Monday, February 1, 2010

Axe

Did anybody else see this article in the New York Times about how boys are spraying foul Axe products all over themselves because they're morons (IQ: 51–70)?


Here's what I couldn't believe about this article: fairly early on we read, "The surge [in popularity among younger boys] is certainly due in large measure to new marketing strategies," and the reporter does acknowledge that this has to do with boys' attempts to "position themselves with their texting, titillating, brand-savvy female peers" but then focuses on tie-in deals and viral marketing; nowhere does the article explicitly acknowledge or bother to focus on the content of Axe's advertising campaign, which seems to me to be the entire story.

Axe's ads all focus on the claim—a lie that they get away with making by winking while making it—that Axe is a magical love potion, essentially a mind-control gas, that will make its user sexually irresistible to beautiful women. The closest this article comes to acknowledging that is the following passing (and dismissive!) note: "while men's colognes have been marketed since at least the last century for their irresistibility to women..."

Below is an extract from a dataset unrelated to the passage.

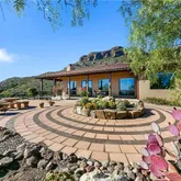 Stone pavers extend from the south entry in an extraordinary design that complements the surrounding landscape. This sanctuary is the perfect place to take in the views of Anacapa Island and the mountain peaks above.

People: Axe's ads may fit into a long tradition, but they aren't just another in a long series of essentially identical messages—even if there's nothing new in the concept, at the very least they up the ante. Observe:



Is the above video the same deal as this one, linked to by the Times article? Yes and no, innit?

Anyway, comparing it to other ads is not the point. The point is that boys' reason for choosing Axe in particular is that Axe is the brand that's currently telling them that Axe is directly linked to sexual attractiveness—that there is an "Axe effect"—a causal connection that the article weirdly seems to ignore. The focus on an increase in sexual insecurity among younger boys is reasonable—I mean, that is a story—but the failure to focus on this company's exploitation of that insecurity troubles me: it almost seems to endorse the idea that Axe's products actually do have some connection to sexual attraction beyond the, I'm sorry, lies in their advertisements.

What the article does not acknowledge is that these boys are just young enough that they are just stupid enough to consume these ads with a singular credulity, particularly in an ad-laden culture that discourages critical thinking—as perhaps is best demonstrated by a newspaper article adopting a kind of "How about that!" attitude toward Axe's popularity without stating plainly, clearly, and up front, "This product is best known for its ad campaign that basically asserts to boys that using it WILL GET THEM LAID." Treating that as irrelevant forgives and enables ad companies' tendency to pass lies off as jokes; our youngest (and dumbest) citizens pay the stinky price.

A parent quoted in the article might as well be speaking for the article itself: "Axe has commercials?"